Saturday, May 8, 2010

Four Reasons to Go Independent by Smoky Trudeau

You’ve written a book. Congratulations! It’s a big job; most writers give up on their novels about the time they reach chapter seven. Sticking it out to the end is an accomplishment to be proud of.

Now what do you do?

Writers are often shocked to realize writing the words THE END doesn’t mean their work is done. There are still things they need to do in order to make their dream of being published authors a reality. And there is a right way and a wrong way to do these things.

Here is where many writers flounder. Blame Hollywood—television and the movies glamorize the writing life. On film, Joe Writer finishes his novel, submits it to Major Publishing Company, gets offered a $50,000 cash advance, and is flown to New York to meet with his editor and polish the book. Once the book actually is released, he gets sent on a whirlwind book tour around the country, with stops at The Today Show and Oprah.

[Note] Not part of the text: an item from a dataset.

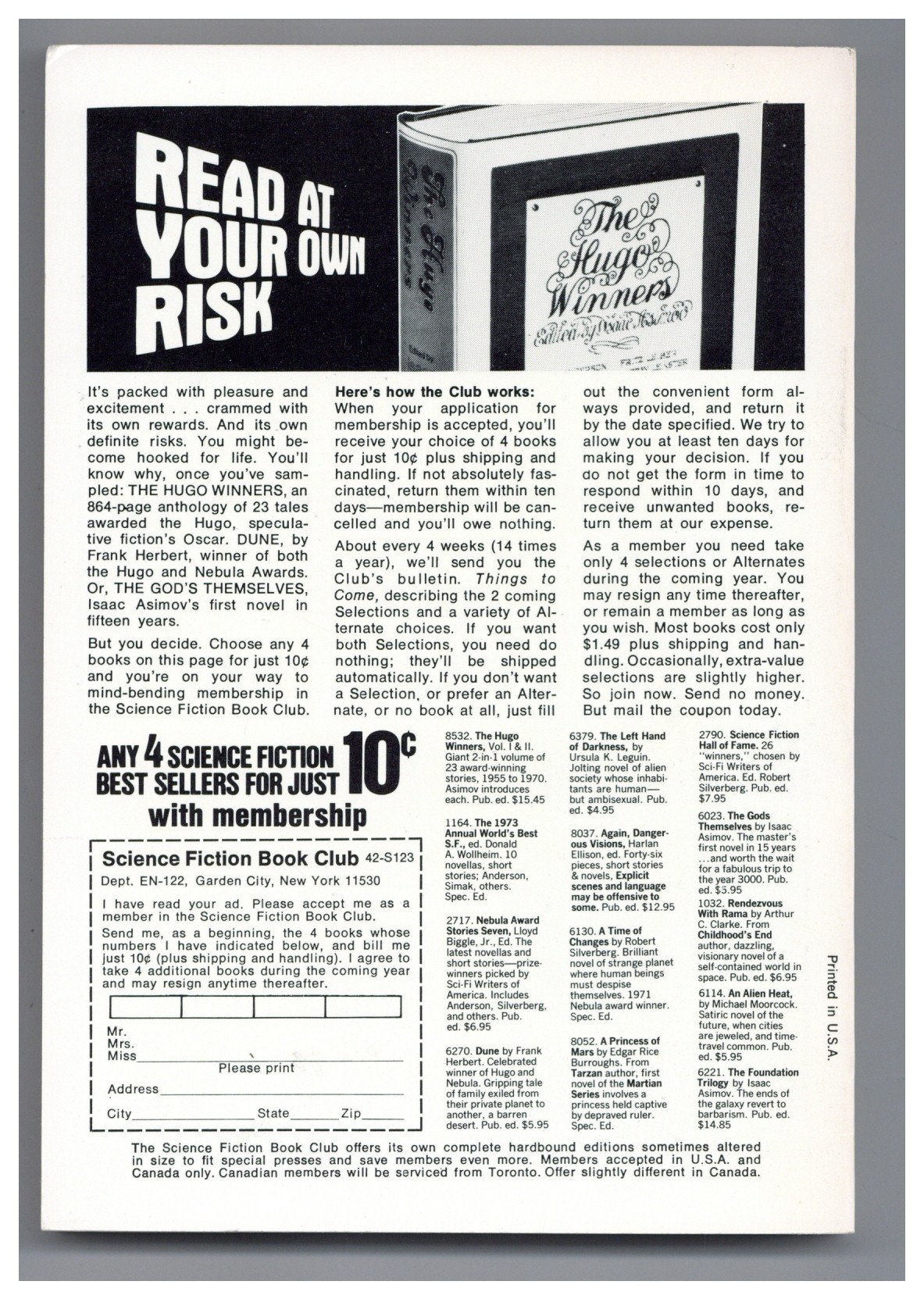Cover by Jack Gaughan. Science fiction stories by John Brunner, Christopher Priest, Michael G. Coney, Cynthia Bunn, Doris Piserchia, David Penny, Larry Eisenberg. Illustrations by Jack Gaughan. 5-1/4-in. x 7-1/4-in.; b&w text with spot illustrations; 176 newsprint pages. Cover price $0.75.

Reality check: the majority of new books published each year are published by small independent presses, not the major publishing houses. And small presses don’t normally have the resources to offer any cash advance at all, let alone one in the tens of thousands of dollars. Editing services are limited, once again due to budgetary constraints, and while many small presses are happy to help their authors find venues to do a book tour, you’ll have to foot the travel expenses yourself.

So why bother publishing with a small press? What’s in it for you, the author?

(1) First and foremost, you stand a much better chance of getting your book published. Major publishers rarely take a chance on unknown authors. For independents, unknown writers are their bread and butter.

(2) Independent presses are more personal. You’ll get to know your publisher, and they’ll get to know you.

(3) Many indies are reluctant to work with agents, so that cuts out the middleman—and the 15 percent of your royalties they’ll take before you ever see a check. No agent means you get to keep 100 percent of your hard earned royalties.

(4) Because they are small, an independent press is much more likely to work with you to get exposure for your books. One book fails for a major press and it’s not a big deal. One book fails for an independent, and it is sorely felt on their bottom line.

In my next post, I’ll talk about etiquette for authors: the right way—and the wrong way—to query a publisher.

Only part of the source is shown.